Although it has long been recognized that both mating signals and mating preferences can be affected by learning, the vast majority of theoretical models of mate choice and sexual selection have assumed that these traits are genetically controlled. There are cases, however, in which learning can have a profound effect on the evolutionary outcome of these processes. Both preferences and signals can be learned in various ways that can be categorized by the individuals that are being learned from (for example, fathers, mothers, or neighbors). In past and current research I have investigated the evolution of preferences to determine whether learned preferences are likely to evolve, and if so, of what type. I plan to continue this work for both preferences and signals, as well as investigating the implications of these results for the process of speciation.

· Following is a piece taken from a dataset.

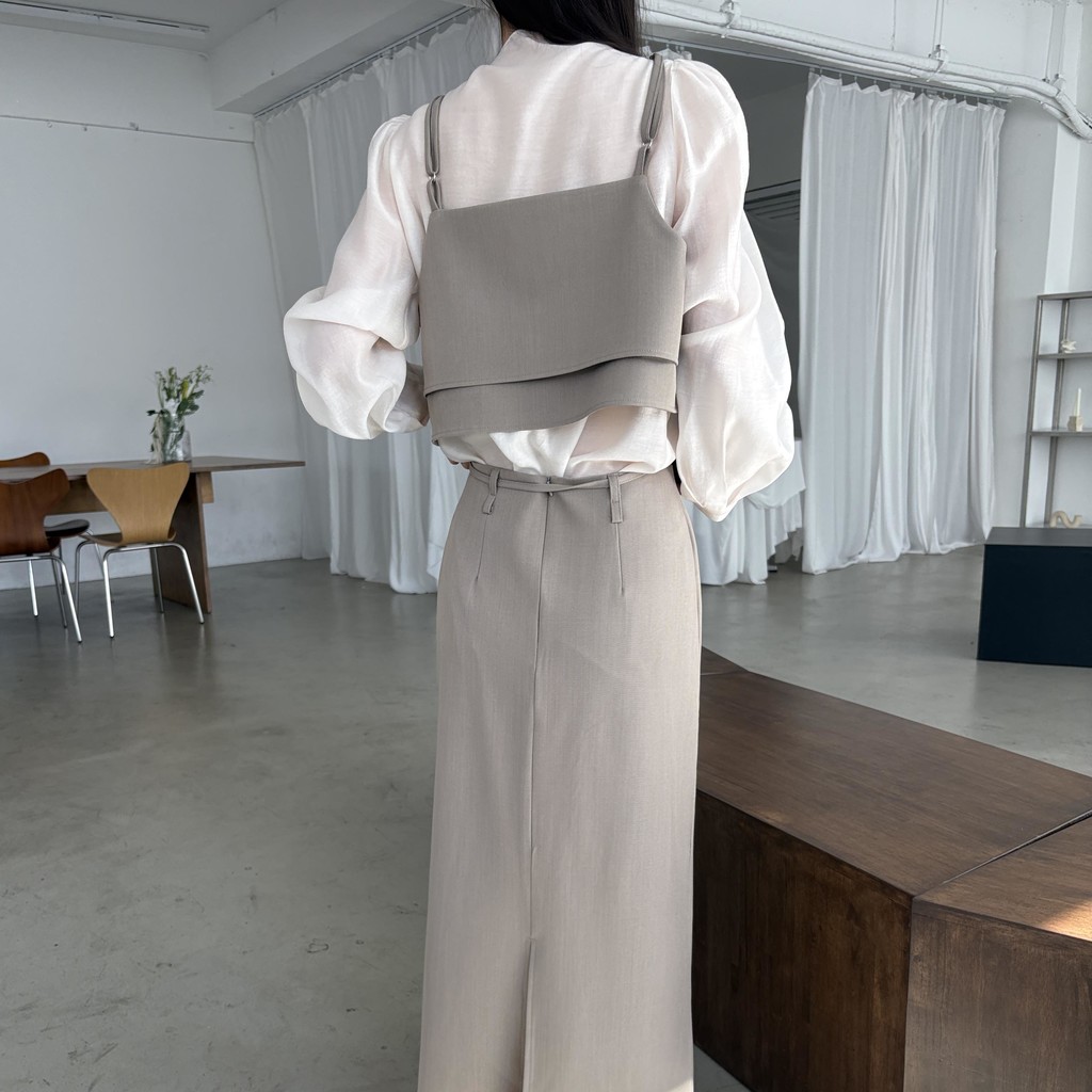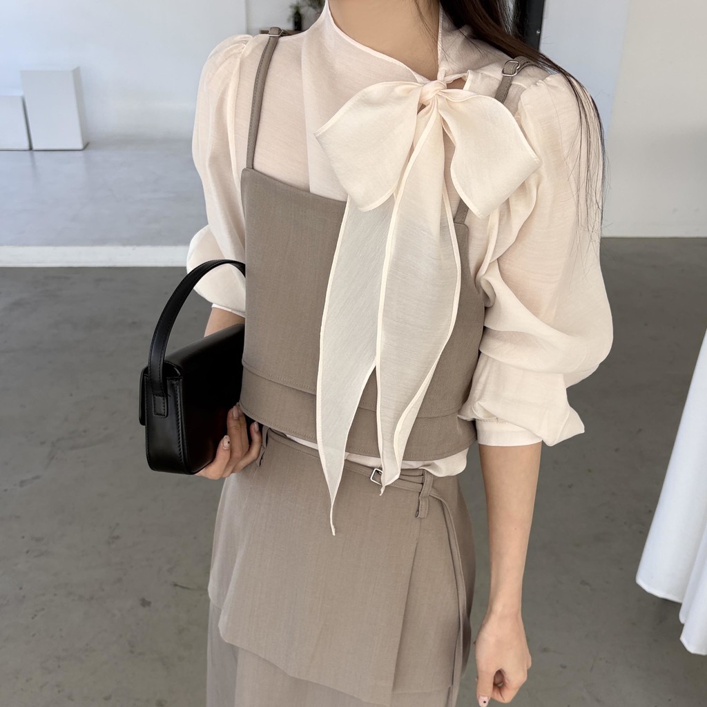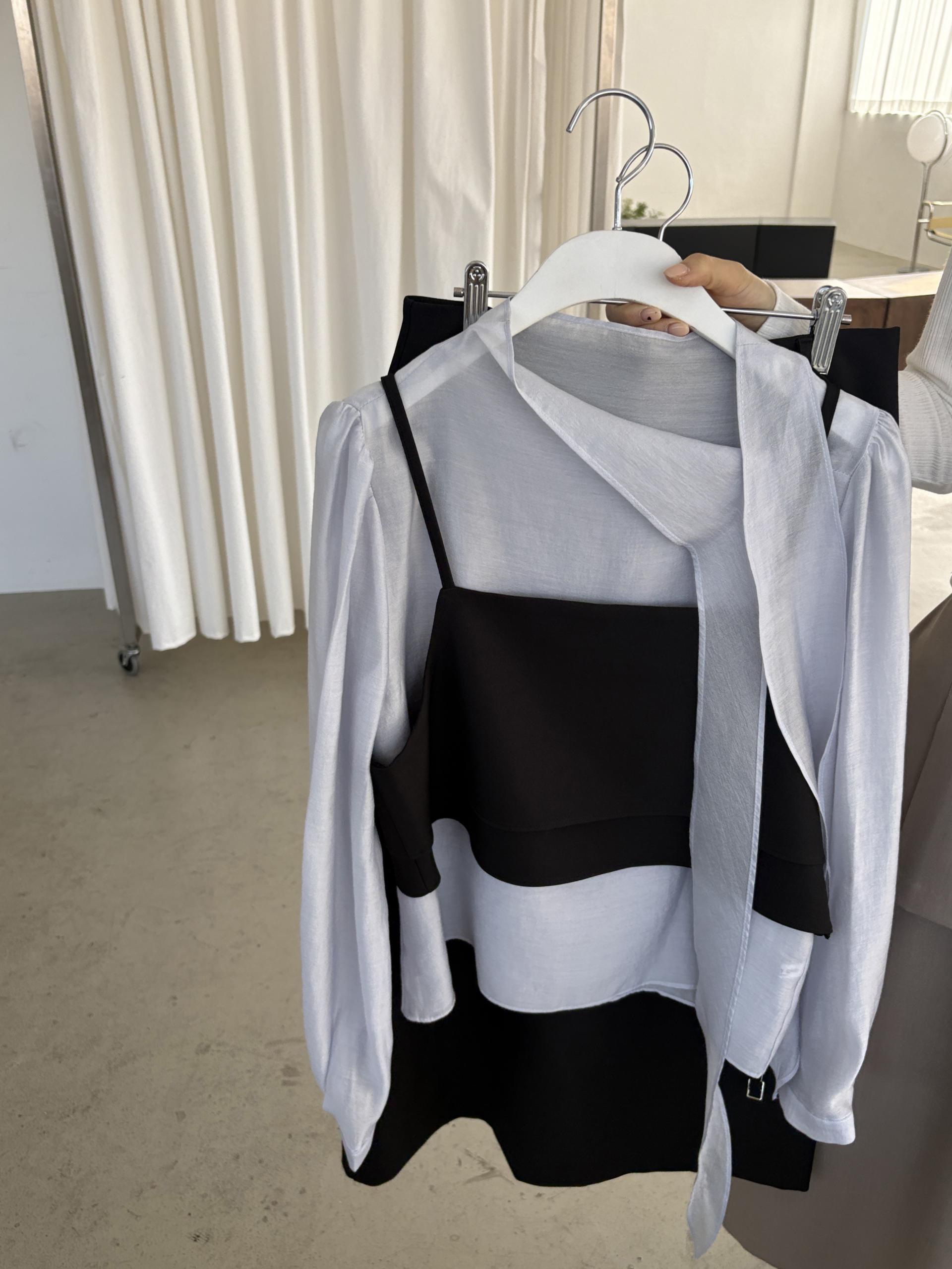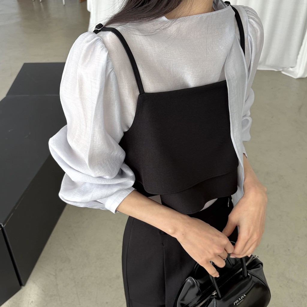 어렵지 않게 세련된 레이어드 룩을 연출할 수 있는 투피스 크롭 뷔스티에입니다.

Learning can affect speciation and species maintenance in several ways. Females often discriminate between mates of different species based on learned signals, such as bird song. Mating preferences can also be learned, through a process called sexual imprinting. Learning in these contexts is widespread taxonomically but has been seriously understudied in speciation research. I have conducted several studies examining the effects of learned signals and preferences on the speciation process. The goal of my current and future studies in this area is to build upon this previous work to create a comprehensive picture of the interactions of learning and speciation.
I am broadly interested in the evolution of behavior and other topics in behavioral ecology. Prior and current projects in these areas include the evolution of warning coloration and evolution during brood parasitism. Previous work also includes collaborations on methods of phylogeny reconstruction and species delimitation.